REQUIRED WORK:
Every line from the one with "Clínica Las Condes." to the final line of the records should be printed exactly as it is, with pictures left out.

DATASET EXTRACT:
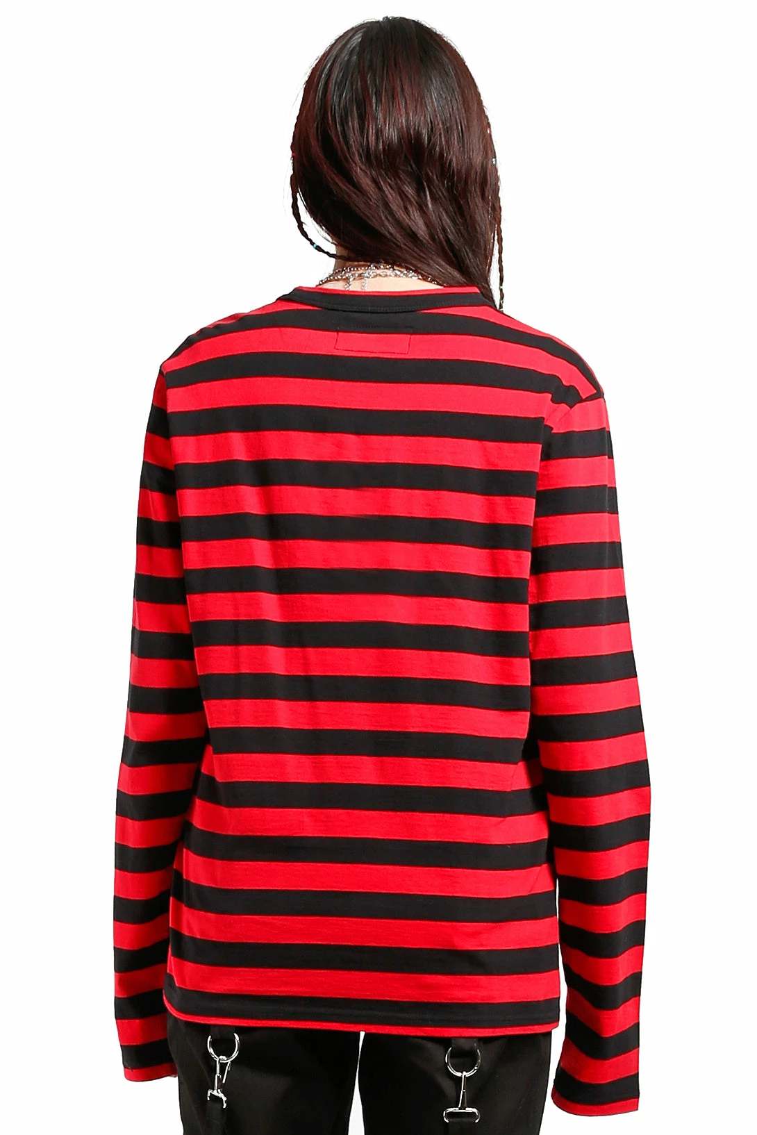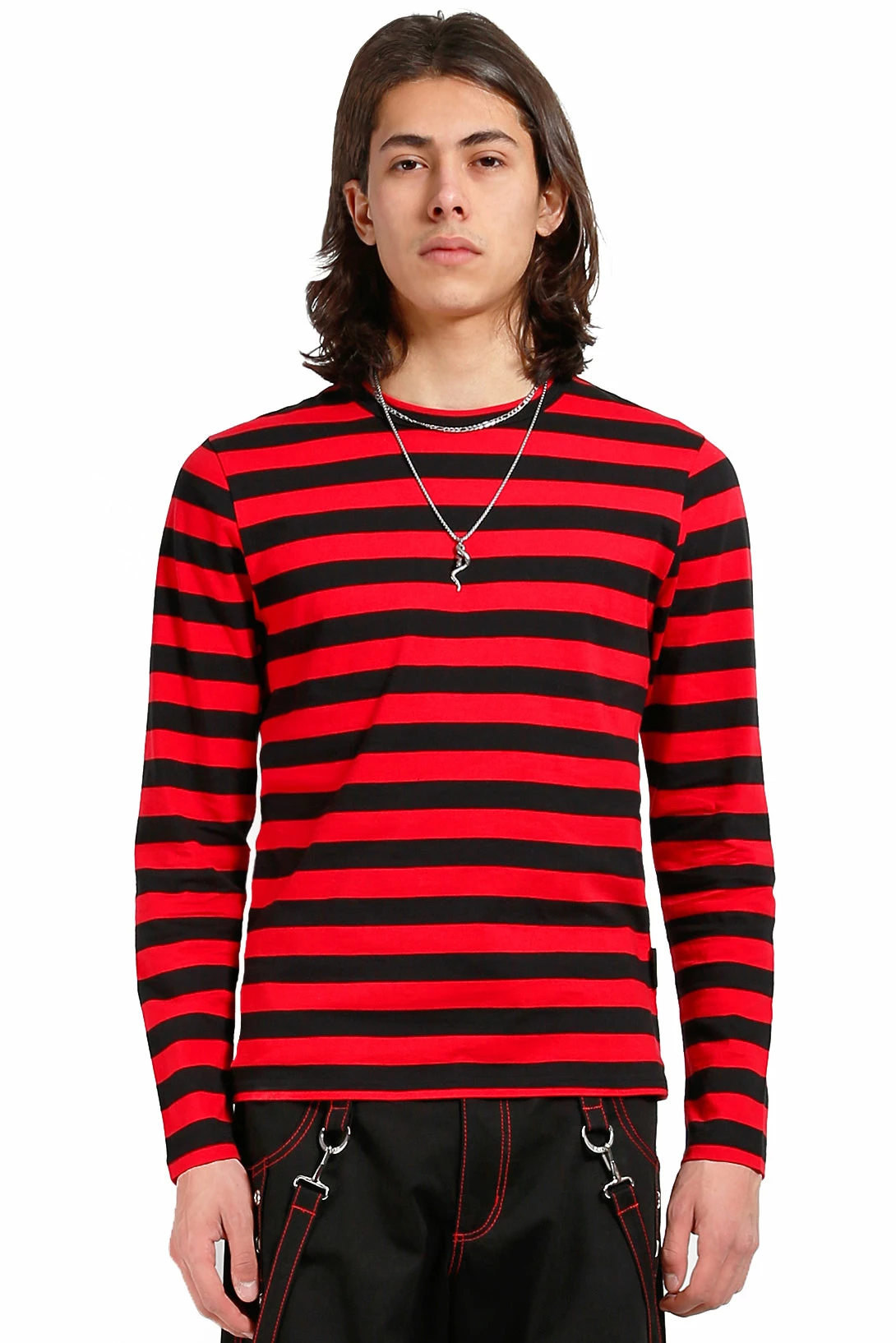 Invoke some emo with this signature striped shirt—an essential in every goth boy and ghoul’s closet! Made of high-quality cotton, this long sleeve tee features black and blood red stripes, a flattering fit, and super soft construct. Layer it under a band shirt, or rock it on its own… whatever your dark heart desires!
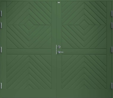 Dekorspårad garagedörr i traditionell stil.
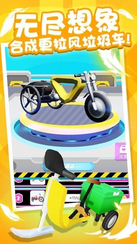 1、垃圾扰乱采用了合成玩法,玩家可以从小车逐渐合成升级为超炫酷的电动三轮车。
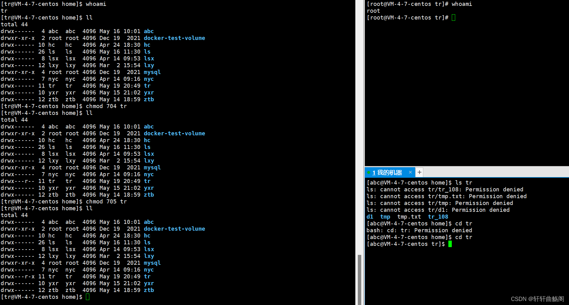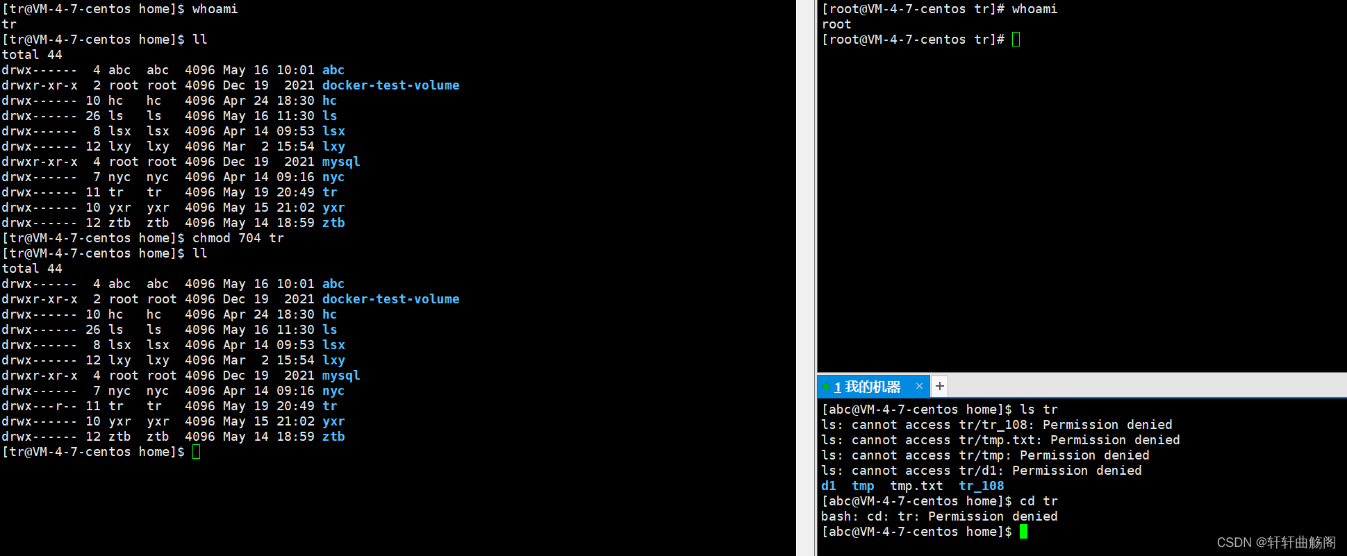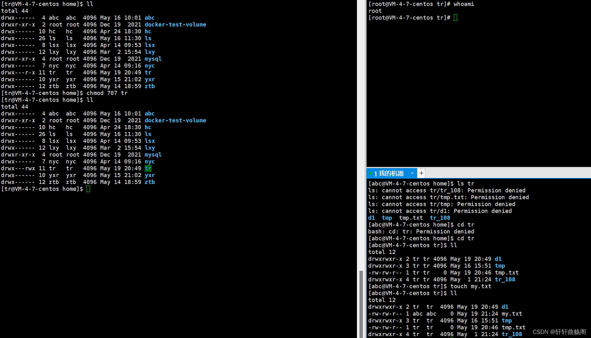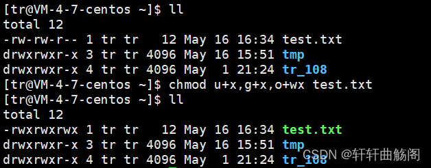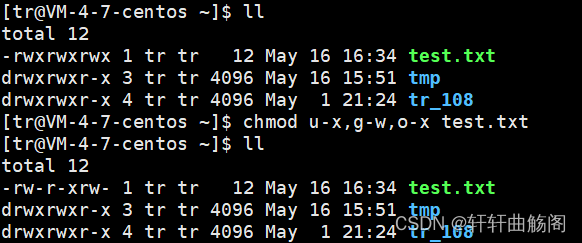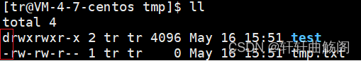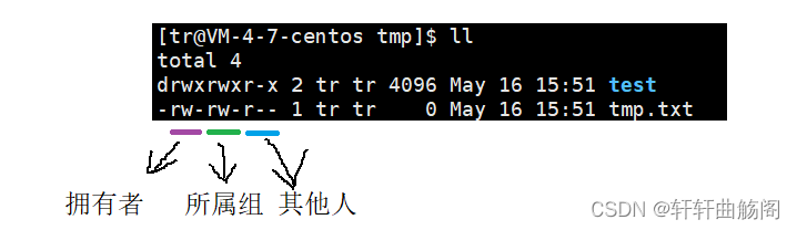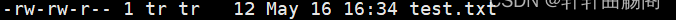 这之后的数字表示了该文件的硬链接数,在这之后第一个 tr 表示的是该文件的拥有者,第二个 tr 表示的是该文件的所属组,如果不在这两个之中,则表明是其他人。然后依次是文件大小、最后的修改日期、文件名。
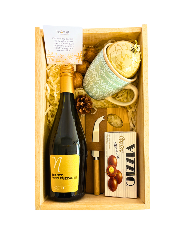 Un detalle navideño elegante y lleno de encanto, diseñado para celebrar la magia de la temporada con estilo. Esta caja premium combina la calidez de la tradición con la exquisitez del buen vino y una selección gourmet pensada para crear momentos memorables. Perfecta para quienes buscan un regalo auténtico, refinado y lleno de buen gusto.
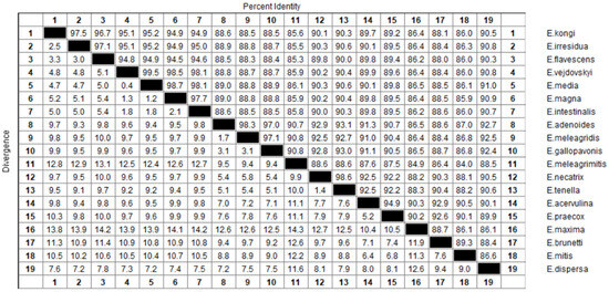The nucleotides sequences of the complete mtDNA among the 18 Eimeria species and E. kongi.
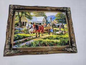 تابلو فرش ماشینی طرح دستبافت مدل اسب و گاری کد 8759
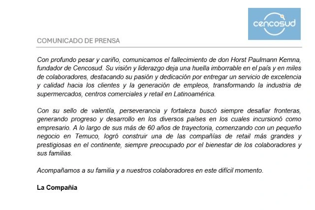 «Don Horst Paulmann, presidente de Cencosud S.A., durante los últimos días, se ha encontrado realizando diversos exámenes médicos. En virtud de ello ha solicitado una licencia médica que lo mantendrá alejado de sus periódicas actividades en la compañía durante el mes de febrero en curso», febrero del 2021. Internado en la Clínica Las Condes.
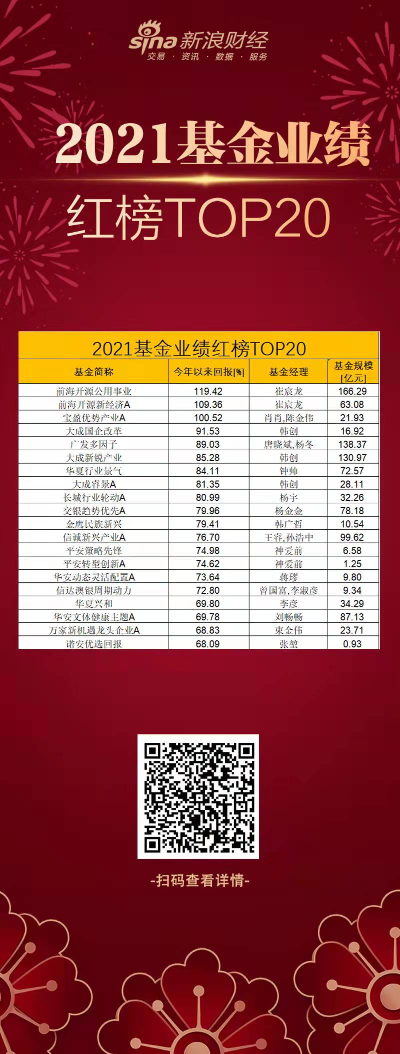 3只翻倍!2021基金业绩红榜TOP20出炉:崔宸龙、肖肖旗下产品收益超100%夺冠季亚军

SOLUTION TO THE EXERCISE:
 «Don Horst Paulmann, presidente de Cencosud S.A., durante los últimos días, se ha encontrado realizando diversos exámenes médicos. En virtud de ello ha solicitado una licencia médica que lo mantendrá alejado de sus periódicas actividades en la compañía durante el mes de febrero en curso», febrero del 2021. Internado en la Clínica Las Condes.
 3只翻倍!2021基金业绩红榜TOP20出炉:崔宸龙、肖肖旗下产品收益超100%夺冠季亚军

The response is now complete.